Kitsie saunters over to the bar-cart that has sat untouched by the coat closet for over a decade. She looks down at the decanters of Irish whiskey and drags her finger along the rim of the pewter tray. Brigid watches as she inspects her finger, coated with dust, and pauses, considering. All of a sudden, she is pouring herself a glass.


Brigid starts, “Gran, are you sure-”


“Do me a favor, Brie, will you, and grab that jar on the mantle? Next to the nutcracker.”
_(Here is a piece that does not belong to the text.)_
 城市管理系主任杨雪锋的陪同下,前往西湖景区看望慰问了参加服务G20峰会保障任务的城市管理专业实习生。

Brigid unfurls herself cautiously. She has never seen her grandmother drink. Seamus had been a raging alcoholic before he went through AA, and three of Brigid’s nine aunts and uncles had followed suit. She examines the jar, which is filled with some kind of unidentifiable clear liquid, before handing it to Kitsie, who refuses to meet her gaze.
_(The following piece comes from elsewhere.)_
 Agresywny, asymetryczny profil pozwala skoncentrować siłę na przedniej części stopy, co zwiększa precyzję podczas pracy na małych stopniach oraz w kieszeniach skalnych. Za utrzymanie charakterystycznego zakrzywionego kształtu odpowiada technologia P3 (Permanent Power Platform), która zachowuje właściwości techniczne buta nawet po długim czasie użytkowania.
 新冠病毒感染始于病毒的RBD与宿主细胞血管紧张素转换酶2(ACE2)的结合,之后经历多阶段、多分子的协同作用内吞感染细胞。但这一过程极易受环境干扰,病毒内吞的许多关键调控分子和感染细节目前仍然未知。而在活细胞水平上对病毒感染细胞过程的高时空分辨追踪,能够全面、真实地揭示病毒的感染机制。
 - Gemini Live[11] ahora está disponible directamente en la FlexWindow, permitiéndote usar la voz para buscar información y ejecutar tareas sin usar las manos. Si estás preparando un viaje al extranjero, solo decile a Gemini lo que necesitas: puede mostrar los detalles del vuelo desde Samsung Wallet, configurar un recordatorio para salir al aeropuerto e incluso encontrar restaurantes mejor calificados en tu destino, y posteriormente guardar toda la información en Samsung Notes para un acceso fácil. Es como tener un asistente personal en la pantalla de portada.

After wrestling with it momentarily, Kitsie manages to open the jar and pours some of its contents into her lowball. Only now does she look up at Brigid, her eyes bright.


“Holy water.” She takes a generous swig. “For insurance.”


Brigid feels her jaw go slack. Kitsie holds out her glass expectantly.


Before she even realizes what she’s doing, Brigid clinks her mug against it. The two lock eyes.


“Cheers.”


···


Brigid jolts awake, awash with a cold sweat and ears still ringing with the faint echoes of a keening. She had been dreaming that the banshee had screamed again, this time for Trev. She heaves her grandmother’s quilts off of herself and swings her legs over the side of the bed. The floor is unusually cold.


She grabs a chunky cardigan that Kitsie left on the chest at the foot of her bed and throws it over her shoulders, gingerly stepping out of her room and into the creaking hallway. A moth buzzes against a bare Edison bulb overhead. The floral wallpaper is peeling from the humidity and the walls themselves are laden with family pictures. Kitsie and Seamus and the kids before the first family tennis tournament, all in white, and with parasols; an atypically somber portrait of Kitsie’s mother, Margaret, who was known during her prime for dancing on slick pub tabletops; Kitsie’s father, Captain Mac, aboard his lobster boat, which he would later die going down with; Kitsie on her wedding day, looking unimaginably young.


As Brigid rounds the corner to the kitchen, a gust of wind blows some papers off of the counter. A grocery list and an electricity bill float through the biting air like leaves, landing at her feet. The back door is open and whining almost inaudibly as it sways from its hinges.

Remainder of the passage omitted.